“Harlem Rent Party” by Mabel Dwight
My buddy “David” sends me a text message.
“I’m having a sex party. You’re invited.”
You may remember David from an earlier post. I call him my sexy geek because he is an IT professional, real estate professor, has a big dick that looks a ripe banana, and can suck a mean dick. But I have never known him to have a sex party.
“Hey man, times are tight. I need the money.”
“Okay, I’ll try to make it.”
He is not the only one I know having sex parties not because they like sex but because they like money. There is this young guy I know who throws a sex party at least once a week to raise the funds to cover his apartment rent and other expenses. They are pretty perfunctory affairs — come in, give him $10, put your clothes in a plastic garbage bag, and sit around in your underwear in the dark eyeing the other guys there and waiting for the action to start.

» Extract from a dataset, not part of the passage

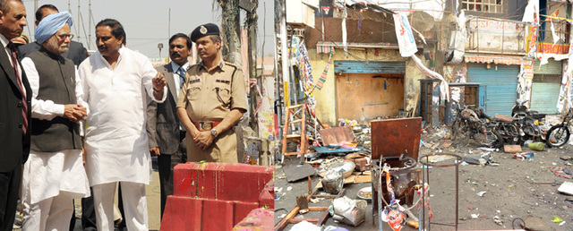 ਡਾ. ਮਨਮੋਹਨ ਸਿੰਘ ਧਮਾਕੇ ਵਾਲੀ ਥਾਂ ਦਾ ਜਾਇਜ਼ਾ ਲੈਂਦੇ ਹੋਏ

I have never seen the host participate, although he is a hot guy with a friendly personality. He just sits at the door taking money and busy on his laptop trolling gay sex hookup sites so he can invite more fresh meat through the door.
Hey the dark clouds of the Bush Administration are still hanging over us. David is right — these are hard times and the unemployment rate for Blacks is above 15 percent. So I don’t blame these guys for what they do. A brother has to hustle.